Now, if we force the transition rate to this better value, we obtain much more reasonable results. For instance:
q<-q[ii]
Q=matrix(c(-q,q,q,-q),2,2)
rownames(Q)<-colnames(Q)<-c(0,1)
mtrees<-make.simmap(tree,y,nsim=100,Q=Q)
## make.simmap is sampling character histories conditioned on the transition matrix
##
## Q =
## 0 1
## 0 -0.005 0.005
## 1 0.005 -0.005
## (specified by the user);
## and (mean) root node prior probabilities
## pi =
## 0 1
## 0.5 0.5
## Done.
plot(mtrees[[1]],colors=setNames(c("blue","red"),c(0,1)),
ftype="off",type="fan")
or:
obj<-summary(mtrees)
obj
## 100 trees with a mapped discrete character with states:
## 0, 1
##
## trees have 68.06 changes between states on average
##
## changes are of the following types:
## 0,1 1,0
## x->y 46.35 21.71
##
## mean total time spent in each state is:
## 0 1 total
## raw 1.091646e+04 2690.7285272 13607.19
## prop 8.022568e-01 0.1977432 1.00
plot(obj,type="fan",ftype="off",lwd=1,cex=c(0.4,0.3),
colors=setNames(c("blue","red"),c(0,1)))
In this case, fitDiscrete in the geiger package does converge
on the right solution:
library(geiger)
fitDiscrete(tree,y)
## GEIGER-fitted comparative model of discrete data
## fitted Q matrix:
## 0 1
## 0 -0.004976043 0.004976043
## 1 0.004976043 -0.004976043
##
## model summary:
## log-likelihood = -155.337575
## AIC = 312.675150
## AICc = 312.690020
## free parameters = 1
##
## Convergence diagnostics:
## optimization iterations = 100
## failed iterations = 0
## frequency of best fit = 1.00
##
## object summary:
## 'lik' -- likelihood function
## 'bnd' -- bounds for likelihood search
## 'res' -- optimization iteration summary
## 'opt' -- maximum likelihood parameter estimates
Finally, we also get the right ancestral states if we just rescale the tree. This is because then the estimated transition rates are much higher, but the likelihood & posterior probabilities at nodes remain unchanged. For instance:
RESCALE<-function(tree,h=1){
tree$edge.length<-tree$edge.length/max(nodeHeights(tree))*h
tree
}
fit.rescale<-ace(y,RESCALE(tree),type="discrete")
fit.rescale
##
## Ancestral Character Estimation
##
## Call: ace(x = y, phy = RESCALE(tree), type = "discrete")
##
## Log-likelihood: -155.2032
##
## Rate index matrix:
## 0 1
## 0 . 1
## 1 1 .
##
## Parameter estimates:
## rate index estimate std-err
## 1 0.8832 0.1055
##
## Scaled likelihoods at the root (type '...$lik.anc' to get them for all nodes):
## 0 1
## 0.93206197 0.06793803
plotTree(tree,type="fan",lwd=1,ftype="off")

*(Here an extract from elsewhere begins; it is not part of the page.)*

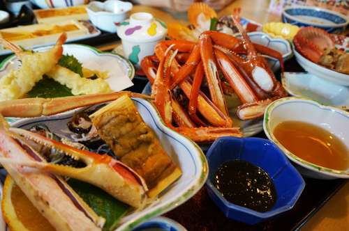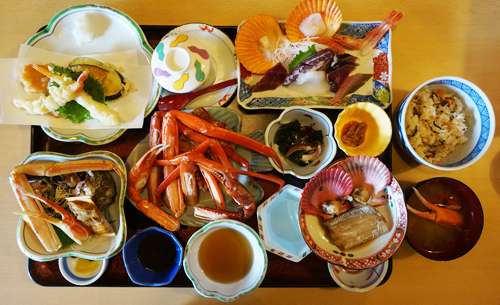 続いてやってきたのが、まつや定食。まるで先程眺めていた絵のように色鮮やかな定食です。角がくっきりと立ったお刺身、サクサクの天ぷら、しっかりと味が染みた煮魚、ベニズワイガニ、うに板、貝の旨みを吸った貝飯、酢の物、茶碗蒸し、カニ汁。お盆に入り切らない品數です。

tiplabels(pie=to.matrix(y[tree$tip.label],c(0,1)),
piecol=c("blue","red"),cex=0.3)
add.simmap.legend(colors=setNames(c("blue","red"),
c(0,1)),x=-176,y=169,prompt=FALSE,shape="circle")
nodelabels(pie=fit.rescale$lik.anc,piecol=c("blue",
"red"),cex=0.4)
Now to figure out what can be done to ensure that fitMk finds
the right solution in the first place!
That third tree is hilarious. So, should we be concerned that similar errors have gone undetected, or is this situation a one-off? Good example of the importance of visualizing data (and likelihoods) early and often.
ReplyDeleteI agree.
DeleteYes, we should be worried - but I have also seen cases where the likelihood surface seems to just monotonically increases with q, producing similarly bizarre reconstructions, but with no peak at a lower rate as in this case (and thus no obvious failure of optimization). Klaus Schliep & I have discussed writing a paper about such cases. We will see if that happens.